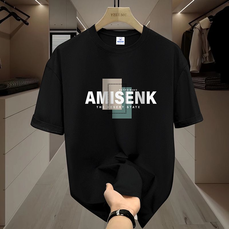2025 Summer New Men's Printed Short Sleeve T-Shirt Breathable Sweat-Absorbing Crew Neck Casual Versatile Base Shirt Ins
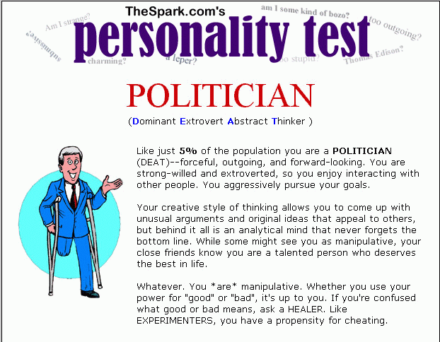 I'm a politician too... not surprised. Pretty cool and accurate test!
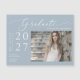 ¡Sí! ¡Tu escuela secundaria, secundaria, universidad, escuela de tecnología o estudiante de postgrado lo hizo y se está graduando! Celebra uno de los momentos más preciados de su vida y envía esta tarjeta magnética de invitación de graduación. El imán presenta un estilo minimalista moderno, sencillo y elegante, con un hermoso guión de caligrafía sobre un polvoriento fondo azul y la foto del graduado. Simplemente personalizar y reemplaza el texto y las fotos en el cuadro de personalización. Nota: La elegante redacción de la escritura caligráfica frases "graduados" junto con las líneas y otras obras de arte gráfico y elementos no se pueden editar, eliminar ni mover. Están arreglados.
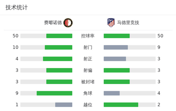 马竞3-1费耶诺德 略伦特造乌龙埃尔莫索破门
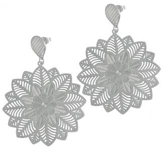 STAINLESS STEEL EARRING WITH FLOWER AND LEAVES SHAPE WITH CUTOUT PATTERN ALL IN S/S COLOR
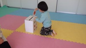 最初に約束事や手洗い等について確認すると「綺麗にするぞ!」と言って、丁寧に手を洗ったり、エプロンや三角巾を被ったりと準備をする様子が見られました。
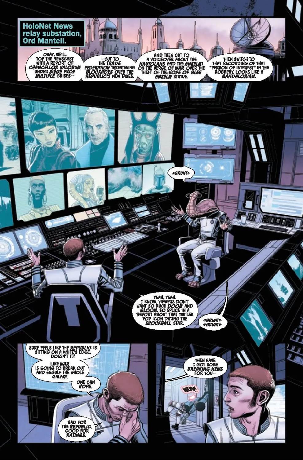 Jango Fett #4 begins on Ord Mantell, where a HoloNet News crew broadcasts current-event stories from around the galaxy. Suddenly the titular bounty hunter breaks into the station along with his cohorts Aurra Sing and Nakano Lash, who demand to see any and all footage from the recent heist of the Hope of Glee Anselm statue. While watching the footage, Lash realizes that it must have been the Nautolan Ambassador Fiarok who set up Nakano’s crew to take the fall for the crime, switching out the statue with a fake. So Jango and Aurra take an RX-series camera droid from the HoloNet station and leave Lash to her own devices instead of turning her in, inspiring her to go on to become a bounty hunter (as we see in writer Ethan Sacks’ other series Star Wars: Bounty Hunters, which is set later on in the timeline). Then they travel toward the planet Jaloria aboard the Slave I, while having a fairly on-the-nose discussion about whether or not Fett is ready to become a father (this comic is set just before the beginning of the Star Wars prequel trilogy, so young clone Boba has not been “born" yet).
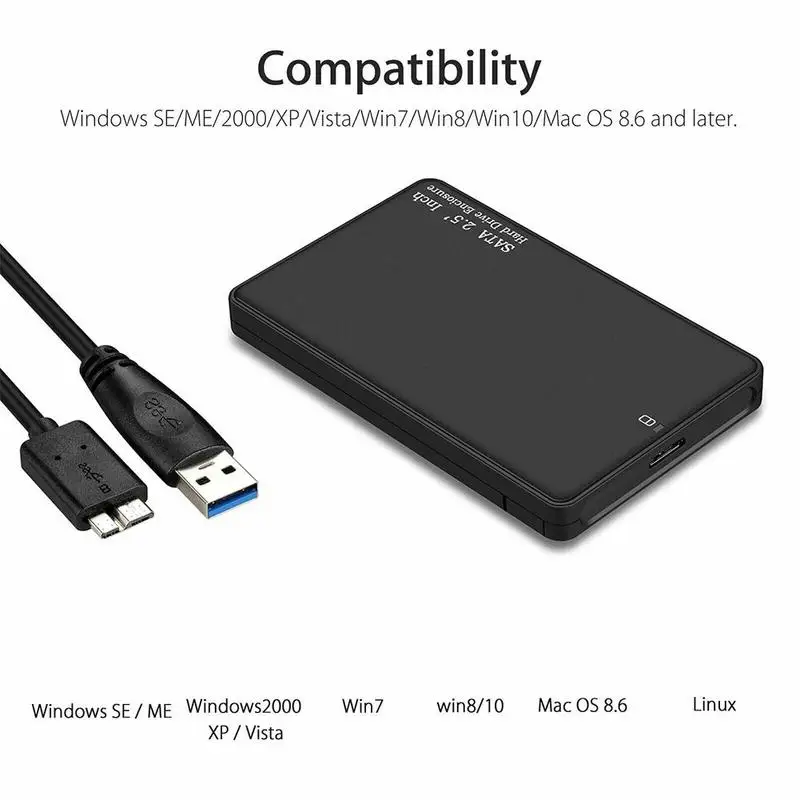 2,5 "USB 3,0 внешний жесткий диск SATA HD корпус/Чехол, Совместимость с SATA HDD/SSD в 9,5 мм
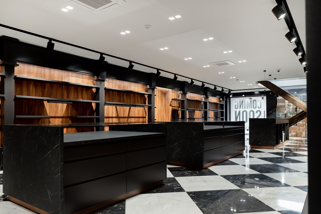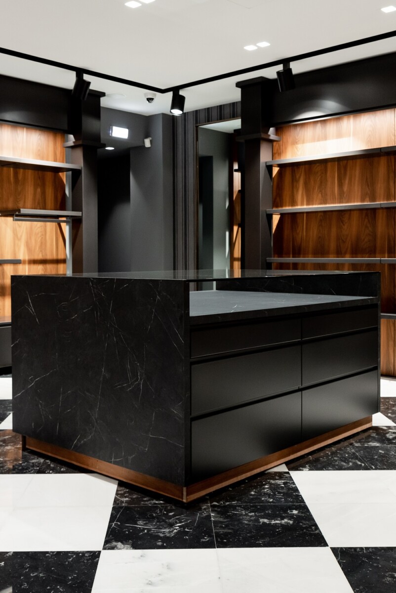 Κατασκευή επίπλων – ραφιών: DISETO (Σεϊντής Δημήτρης), Επιφάνειες ειδικά υλικά: KANELLI SA – CARTEGO / ARCHITEXTURE – AGGELADAKIS MATERIAL CONCEPT
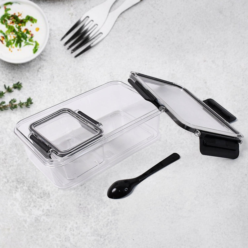 Plastic Kitchen Storage Container Big 800 ML & Small 250 ML with Air Seal Lock Lid & Spoon for Storage of Grocery, Spices, Dry fruits Use For Home, Office, Restaurant, Canteens (2 Pc With 1 Pc Spoon)
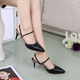 2017春秋新款凉鞋交叉绑带高跟鞋粗跟绒面浅口性感黑色单鞋工作鞋

-- Task details --
The lines above starting at the one that holds "I'm a politician" and ending at the one that holds "最初に約束事や手洗い等につい" are to be written out exactly, ends included, and no pictures are to be copied.

-- Exercise answer --
 I'm a politician too... not surprised. Pretty cool and accurate test!
 ¡Sí! ¡Tu escuela secundaria, secundaria, universidad, escuela de tecnología o estudiante de postgrado lo hizo y se está graduando! Celebra uno de los momentos más preciados de su vida y envía esta tarjeta magnética de invitación de graduación. El imán presenta un estilo minimalista moderno, sencillo y elegante, con un hermoso guión de caligrafía sobre un polvoriento fondo azul y la foto del graduado. Simplemente personalizar y reemplaza el texto y las fotos en el cuadro de personalización. Nota: La elegante redacción de la escritura caligráfica frases "graduados" junto con las líneas y otras obras de arte gráfico y elementos no se pueden editar, eliminar ni mover. Están arreglados.
 马竞3-1费耶诺德 略伦特造乌龙埃尔莫索破门
 STAINLESS STEEL EARRING WITH FLOWER AND LEAVES SHAPE WITH CUTOUT PATTERN ALL IN S/S COLOR
 最初に約束事や手洗い等について確認すると「綺麗にするぞ!」と言って、丁寧に手を洗ったり、エプロンや三角巾を被ったりと準備をする様子が見られました。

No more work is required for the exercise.